The question says, "A circle is inscribed in a triangle whose sides are $40$ cm, $40$ cm and $48$ cm respectively. A smaller circle is touching two equal sides of the triangle and the first circle. Find the radius of smaller circle."
I can find the radius of the inscribed circle fairly easily by assuming the radius as $r$, and using the Heron's Formula: $$\frac{1}{2} * r * (40 + 40 + 48) = \sqrt{\left(\frac{40 + 40 + 48}{2}\right) \left(\frac{40 + 40 + 48}{2}-40\right)\left(\frac{40 + 40 + 48}{2}-40\right)\left(\frac{40 + 40 + 48}{2}-48\right)}$$
Which evaluates to give : $r = 12$, so The inscribed circle has a radius of $12$ cm.
But The smaller circle is only in touch with the other circle, and I can't get anything to work like constructions or etc.

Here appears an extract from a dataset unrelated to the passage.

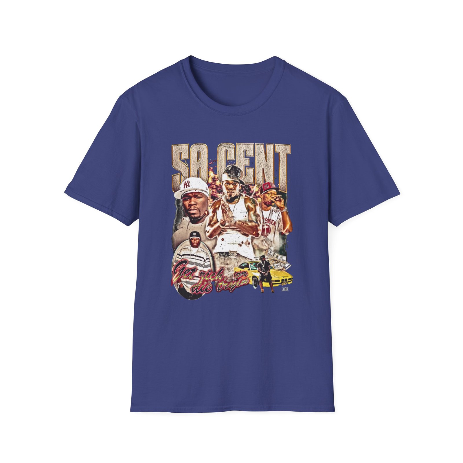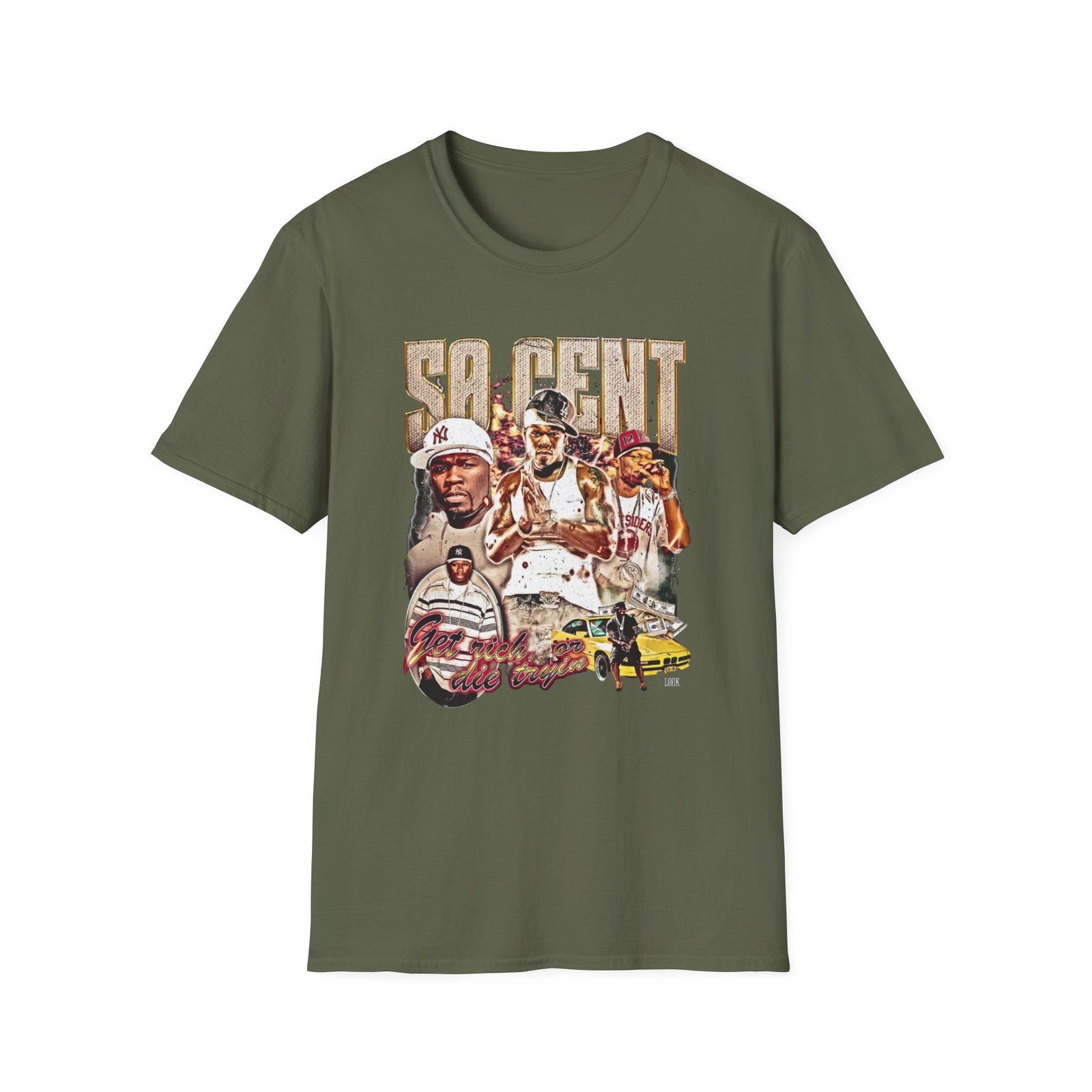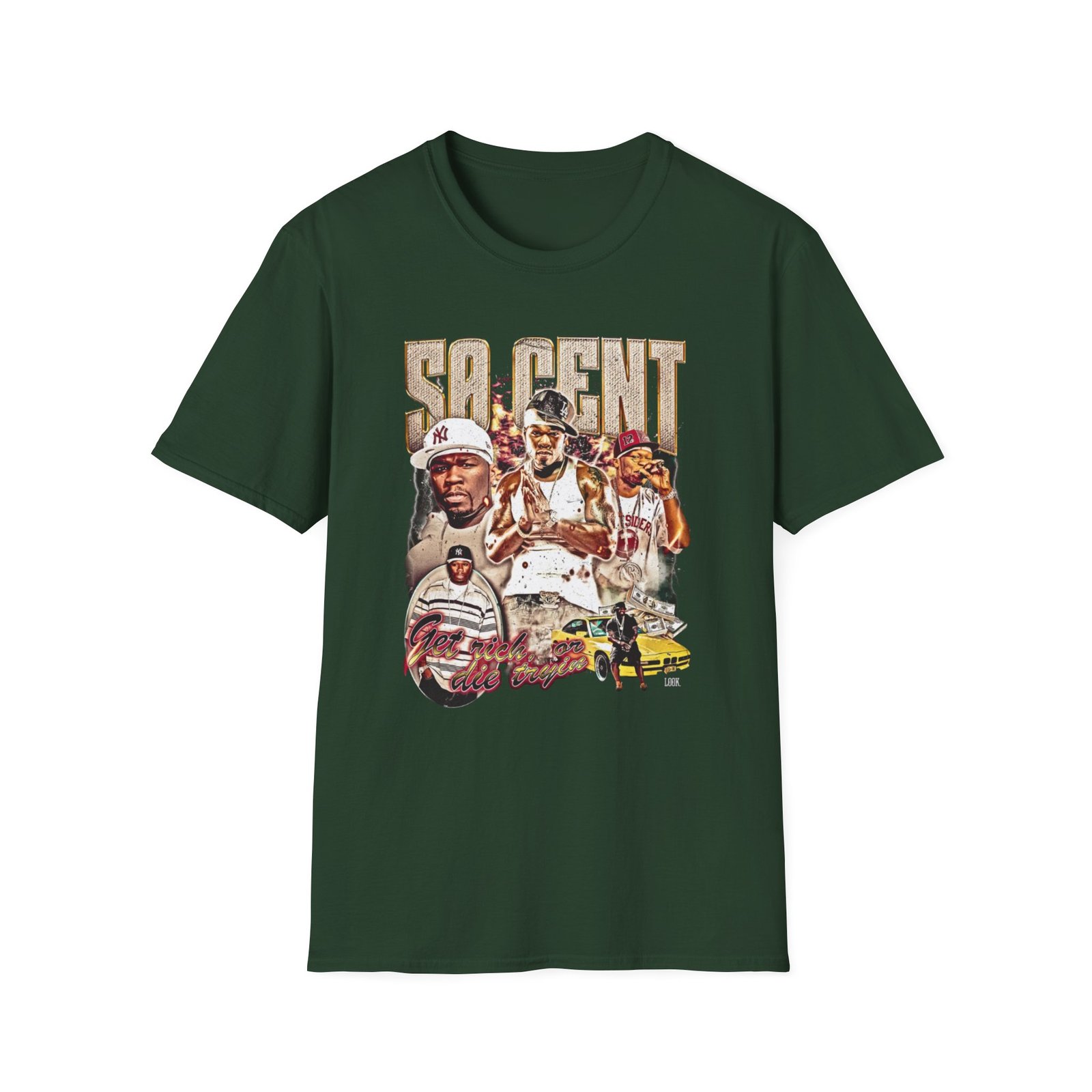 The 50 Cent Get Rich or Die Tryin unisex soft-style t-shirt puts a new spin on casual comfort. Made from very soft materials, this tee is 100% cotton for solid colors. Heather colors and sports grey include polyester. The shoulders have twill tape for improved durability. There are no side seams. The collar is made with ribbed knitting to prevent curling damage.

Trigonometry doesn't work too (maybe I'm doing it wrong, I'm a Grade 11 student anyway).
The most I can do is to find the area which is not occupied by the circle, but occupied by the triangle simply by subtracting the areas of both. [Which is $768 - \pi*(12)^2$ cm].
And this question was on a small scholarship paper I've attended, and it also had some more questions like it (I came to solve most of them).